*** Block opens ***

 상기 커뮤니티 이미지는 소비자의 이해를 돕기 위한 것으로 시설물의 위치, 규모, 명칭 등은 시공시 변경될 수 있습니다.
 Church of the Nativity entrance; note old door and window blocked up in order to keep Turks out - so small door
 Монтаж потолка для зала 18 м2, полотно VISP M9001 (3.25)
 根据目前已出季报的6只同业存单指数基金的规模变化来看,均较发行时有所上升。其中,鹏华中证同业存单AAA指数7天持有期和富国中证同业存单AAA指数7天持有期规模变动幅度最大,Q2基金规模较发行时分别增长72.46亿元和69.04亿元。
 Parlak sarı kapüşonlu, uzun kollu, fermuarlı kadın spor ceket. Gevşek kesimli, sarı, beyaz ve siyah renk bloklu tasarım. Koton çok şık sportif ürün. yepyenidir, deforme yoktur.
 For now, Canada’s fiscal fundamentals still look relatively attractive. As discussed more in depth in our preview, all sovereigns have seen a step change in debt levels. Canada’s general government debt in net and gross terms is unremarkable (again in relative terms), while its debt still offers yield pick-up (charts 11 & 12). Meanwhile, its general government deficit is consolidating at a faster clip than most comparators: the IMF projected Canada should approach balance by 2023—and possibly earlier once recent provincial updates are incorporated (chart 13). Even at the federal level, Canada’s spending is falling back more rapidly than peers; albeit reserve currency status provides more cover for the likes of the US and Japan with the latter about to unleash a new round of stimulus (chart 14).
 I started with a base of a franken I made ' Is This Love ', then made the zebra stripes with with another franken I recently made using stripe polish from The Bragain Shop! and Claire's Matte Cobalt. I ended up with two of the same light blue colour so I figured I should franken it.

*** Block closes ***
*** Block opens ***

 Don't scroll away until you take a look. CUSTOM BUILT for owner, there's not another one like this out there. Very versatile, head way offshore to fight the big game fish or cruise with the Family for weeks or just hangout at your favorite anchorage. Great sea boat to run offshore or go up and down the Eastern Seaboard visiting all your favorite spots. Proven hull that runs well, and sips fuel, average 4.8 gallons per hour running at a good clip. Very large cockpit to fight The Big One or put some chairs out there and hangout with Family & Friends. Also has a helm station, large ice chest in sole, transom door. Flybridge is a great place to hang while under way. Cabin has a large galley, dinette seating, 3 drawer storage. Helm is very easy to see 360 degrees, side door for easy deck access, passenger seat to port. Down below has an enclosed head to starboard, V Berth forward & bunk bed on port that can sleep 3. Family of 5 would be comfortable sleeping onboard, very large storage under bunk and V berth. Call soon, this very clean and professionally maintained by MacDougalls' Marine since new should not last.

*** Block closes ***

Everything from the line containing "根据目前已出季报的6只同业存" through the line containing "I started with" in the material above should be retyped exactly, both ends included, and nothing more.

→ **Completed exercise**:
 根据目前已出季报的6只同业存单指数基金的规模变化来看,均较发行时有所上升。其中,鹏华中证同业存单AAA指数7天持有期和富国中证同业存单AAA指数7天持有期规模变动幅度最大,Q2基金规模较发行时分别增长72.46亿元和69.04亿元。
 Parlak sarı kapüşonlu, uzun kollu, fermuarlı kadın spor ceket. Gevşek kesimli, sarı, beyaz ve siyah renk bloklu tasarım. Koton çok şık sportif ürün. yepyenidir, deforme yoktur.
 For now, Canada’s fiscal fundamentals still look relatively attractive. As discussed more in depth in our preview, all sovereigns have seen a step change in debt levels. Canada’s general government debt in net and gross terms is unremarkable (again in relative terms), while its debt still offers yield pick-up (charts 11 & 12). Meanwhile, its general government deficit is consolidating at a faster clip than most comparators: the IMF projected Canada should approach balance by 2023—and possibly earlier once recent provincial updates are incorporated (chart 13). Even at the federal level, Canada’s spending is falling back more rapidly than peers; albeit reserve currency status provides more cover for the likes of the US and Japan with the latter about to unleash a new round of stimulus (chart 14).
 I started with a base of a franken I made ' Is This Love ', then made the zebra stripes with with another franken I recently made using stripe polish from The Bragain Shop! and Claire's Matte Cobalt. I ended up with two of the same light blue colour so I figured I should franken it.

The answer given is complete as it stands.